Berlinale 2019 Review: Tremors (Jayro Bustamante)

A strong condemnation of the church as the instigator of hatred towards same-sex love and a both horrific and almost comical look at the insanity that is conversion therapy, Jayro Bustamante’s second film Tremors is clear about its intentions and does not hide its anger or contempt. That does not make it a better film, but combined with a consistently grimy visual style and an immersive sound design it does make for an intense experience. Bustamante, whose debut feature Ixcanul won the Alfred Bauer Prize in the Berlinale competition four years ago, returned to the festival in the more low-key Panorama sidebar. And while Tremors is decidedly more grounded than Mayan fable Ixcanul, the decision to deny the film a competition slot remains puzzling. It may lose some steam in the final stretch, but Tremors is a strong and daring film in which every scene has weight.

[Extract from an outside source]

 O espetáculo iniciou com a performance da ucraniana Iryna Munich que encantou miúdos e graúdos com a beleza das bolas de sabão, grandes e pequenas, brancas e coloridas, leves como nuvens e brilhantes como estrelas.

Earthshaking. That is the only way to describe the bombshell that successful consultant Pablo (Juan Pablo Olyslager), married with two young kids, drops on his family. In a rain-soaked and darkness-filled opening scene Pablo’s shell-shocked relatives are waiting for him to come home, anxious for reasons that initially are not clear. Something terrible has befallen him, that much is obvious, but only after he arrives and is confronted does it become clear: Pablo has been outed as gay. As tensions rise in the upper-class mansion an earthquake symbolizes the rupture between Pablo and his family.

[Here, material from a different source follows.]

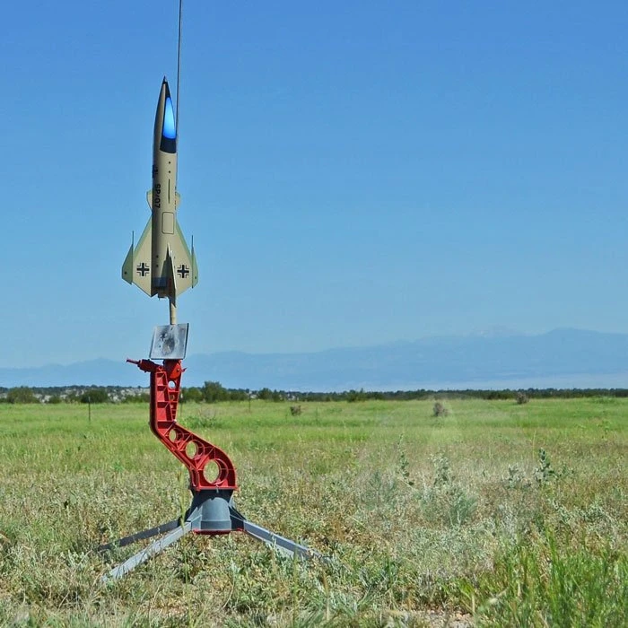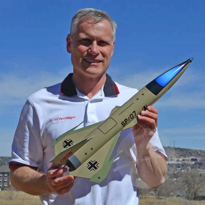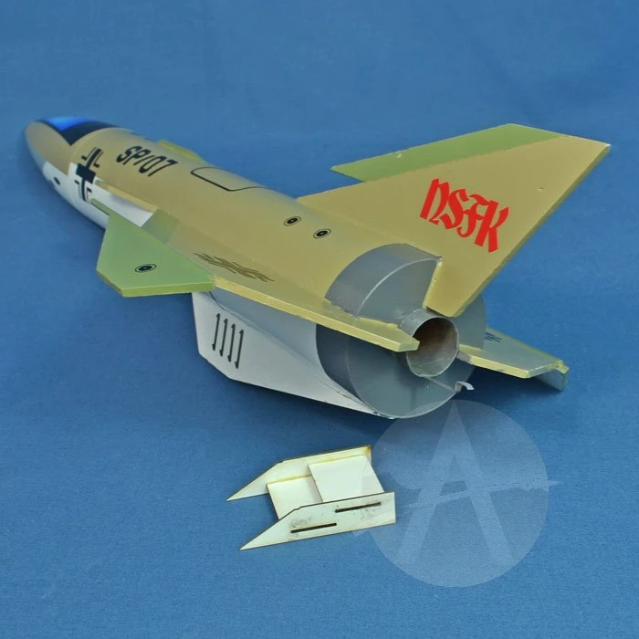 This rocket-powered fighter is what might have been developed in a parallel universe where the NAZI’s won World War II. It is a great example of retrofuturism from the creative mind of Shrox. The easy-to-build kit features through the wall fins, colorful self-adhesive vinyl decals, and a color plastic parachute. Flies on 24mm C, D, and E size rocket engines.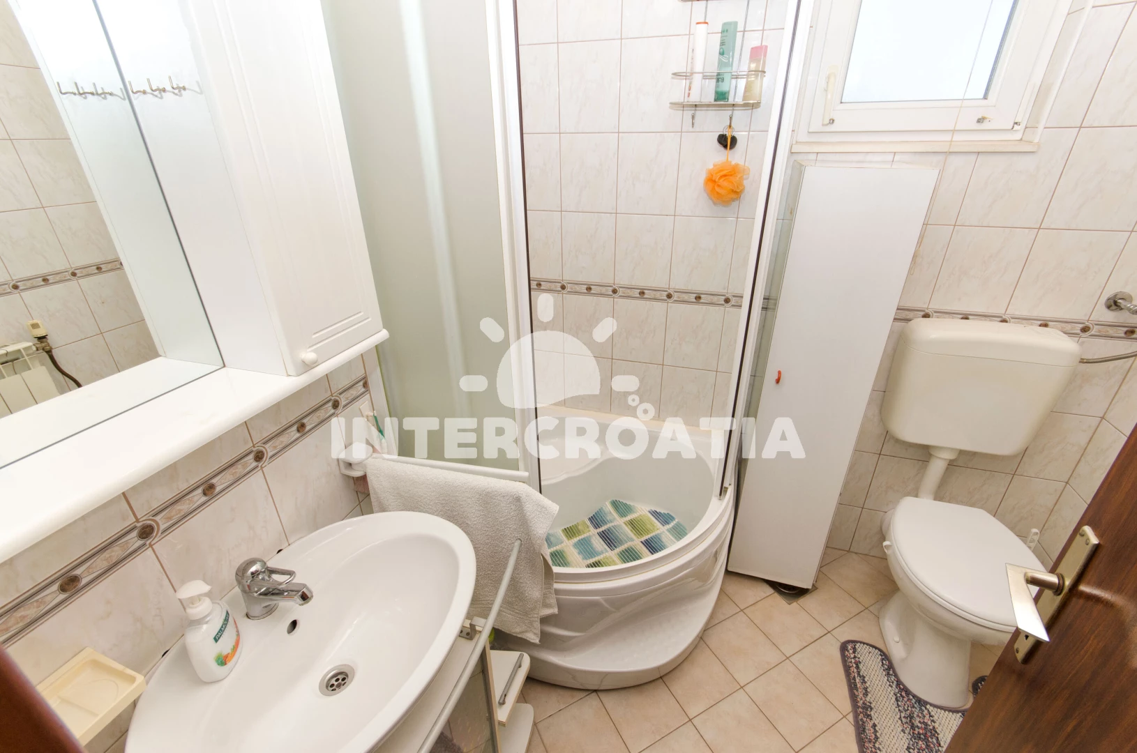 Apartmán se nachází 30 m od moře a pláže. Pláž je skalnatá, oblázková a betonové desky. U objektu je k dispozici společná zahrada s posezením a grilem.

Soon after, Pablo’s well-intentioned plan of staying on good terms with his wife Isa (Diane Bathen) so he can enjoy the company of his children starts to unravel. In a society as deeply religious as the Guatemalan, his sexual orientation has severe repercussions, as Pablo soon finds out when he loses his jobs, his kids and everything that used to be his life. His lover Francisco (Mauricio Armas Zebadúa) supports him up to a point, but his carefree attitude around Pablo makes him never feel at home in his new apartment. Desperately trying to tie his two worlds together, Pablo’s love for his children finally makes him succumb to a last-and-lowest-ditch effort to be part of their life: he submits to conversion therapy.

It is at this point that the film loses focus, as it puts emphasis on the ridiculous practices of the religious zealots-slash-charlatans that have dug their claws into Pablo. They are turned into cartoonish bad guys, which diminishes the gravity of the dilemma Pablo is facing. Bustamante manages to pull it together in the final scenes, ending the film on an ambiguous shot, but the final act could have used some rewrites. As it is, you understand Pablo’s inner turmoil intellectually, but for a film that burned with intensity and an almost carnal sensuality the humiliation he has to go through cannot be felt as deeply as the anger that preceded it when his family ostracized him.

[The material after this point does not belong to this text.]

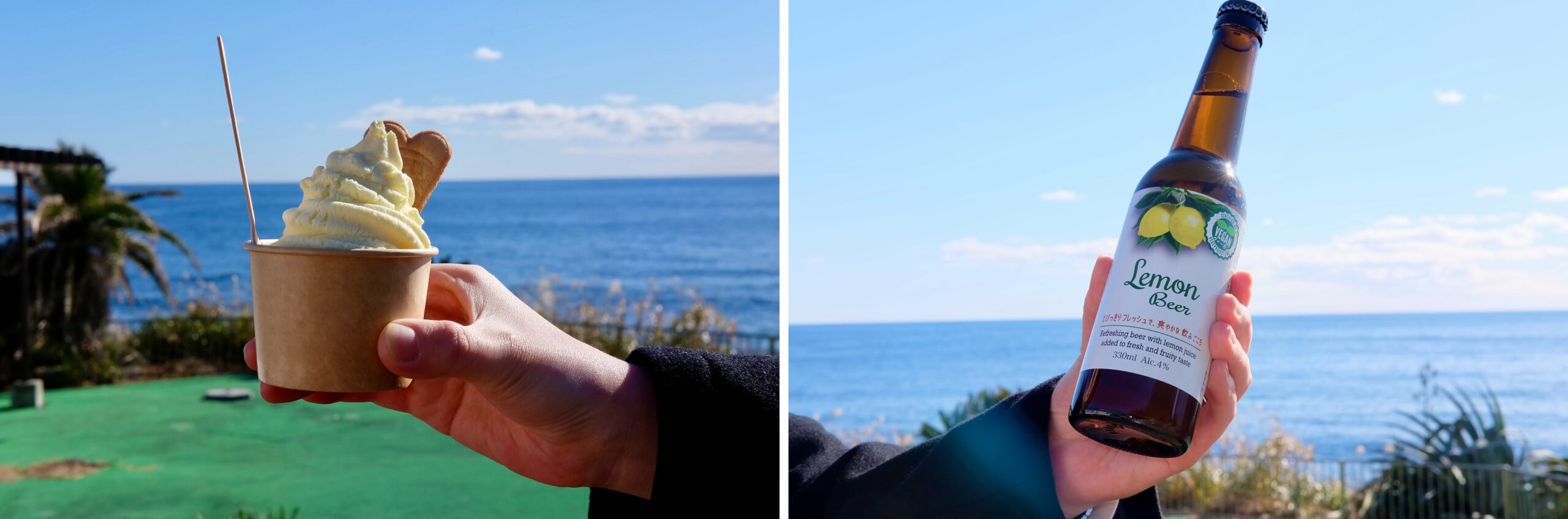 売店では、初島限定のレモンビールやサイダー、レモンソフトクリームなど、ここでしか味わえない商品が販売されています。レモンソフトクリームは、濃厚なミルクの風味に爽やかなレモンの味わいが加わった一品で、特に女性に人気があるそうです。

Where Tremors shines, however, is in its marriage of form and content. Cinematographer Luis Armando Arteaga’s dusty washed-out medium shots on a widescreen canvas manage to cramp Pablo in but also isolate him as if he was alone in the world with its weight on his shoulders. The oppressive sound design by the trio of Eduardo Cáceres, Gilles Benardeau, and Julien Cloquet underlines this representation of Pablo’s psyche even more. And Olyslager’s withheld performance seals the deal. In all this makes Tremors not an easy film to watch, and Bustamante clearly has an axe to grind, but he stays just clear of being too preachy and delivers with Tremors a film that cements him as a director whose new work one should always look out for.